As with Duel, this is another movie in which Vidor — probably taking a cue from Jones’s real-life husband David O. Selznick, who gets one of those amorphous “presentation” credits here — tried to turn her in to a sex bomb. This was a marketing attempt that never really came off, even though the actress certainly had the looks to make one consider the possibility (maybe it was a slight lisp). Not un-alluringly photographed in Russell Harlan’s best nocturnal doorway shadows to resemble the cover art in the kind of certain trashy, down-and-dirty paperbacks I used to sneak-read as a kid, Jones-as-Ruby, turns out, is more natural as the hunter-shooter-boat-pilot she mostly is during daylight hours. He frustrating truth is that no one quite knew what to do with her in this period when David O. Svengali was probably telling her what brand of toothpaste to use — and who would have thought that her best role of this period would be in John Huston’s eccentric-plus Beat the Devil? But this said, Jones is, overall, a major plus here and probably the No. 1 thing Ruby has going for it — especially when the movie becomes something of a love triangle and, in particular, a revenge piece after the character’s social fortunes change.

It’s fun, at least mild fun, seeing Heston in those early roles where he played standard humans and not someone always hauling around Tablets. Heston was only four years younger than Jones in real life, which means there isn’t nearly the age differential I assumed. And if there really have to be movies where the main male character is named “Boake,” you have to say that Boakes were a lot more grounded in Chuck’s wheelhouse more than they would have been in, say, Clifton Webb’s.

Despite the moniker, Heston is kind of a normal character here (something of a crud, but normal) — which is more than you say for her brother, played by that specialist in twisted rural creeps: James Anderson. In real life, he was the brother of actress Mary Anderson, who played the cute nurse in Hitchcock’s Lifeboat before curtailing her career after marrying four-time Oscar-winning cinematographer Leon Shamroy (who shot both The Robe and The Girl Can’t Help It for a full career right there). James is best known for later playing the main heavy and Atticus Finch adversary in the movie version of To Kill a Mockingbird, and I’m pretty certain I recall Gregory Peck saying in a Mockingbird doc that Anderson didn’t like him personally. Uh, not like Gregory Peck? So if I’m recalling this right, Anderson must have come naturally to the posterior boil he has here — shouting the Gospel, strumming a guitar around the house, repressing homicidal thoughts and, to give him needed points, being right when he warns Ruby about trying to get above her social station.

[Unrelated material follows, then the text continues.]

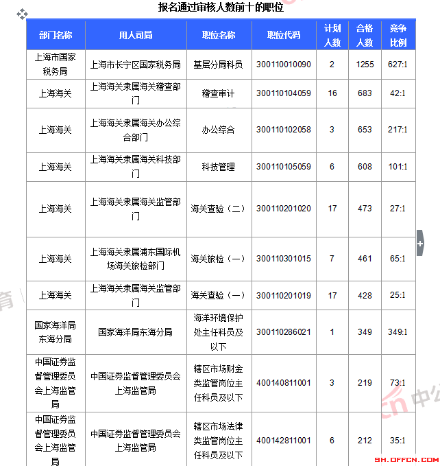 報(bào)名通過審核人數(shù)前十的職位主要集中在上海市國家稅務(wù)局、上海海關(guān)、國家海洋局東海分局等部門,具體信息如下:

Released in limited fashion as a so-called prestige project on Christmas Day of ’52 for apparent Oscar consideraton, Ruby was an independent project co-produced by Vidor and distributed by 20th Century-Fox, though I’ve never seen it shown (going back several decades) with a Fox logo. We’ve all seen too many prints of vintage indies that look as if the original negatives were stored in some Mojave-based UPS box — but except for some significant image specking on a light visual background (during a key scene, alas) that looks a little like microbes under a microscope, this is a cleaner and also sharper-looking copy than I expected to see.

Andrew Sarris suggested in The American Cinema that Vidor was a greater director of individual scenes than sustained movies, and there are redeeming bits here and there that transcend what is at heart an amusingly trashy time at the movies — one of them a honey where Boake’s convertible speeds along the beach and into the surf (in a floating manner that would worry me) so that the lovers can do what lovers do to relax Boake’s golf putting finesse on the club links. One major bonus here is the backdrop theme (“Ruby”), which became a significant harmonica hit for Richard Hayman in spring of ’53. Later, after lyrics were added, Ray Charles made it his own around Christmas of ’60 for one of his most indelible recordings.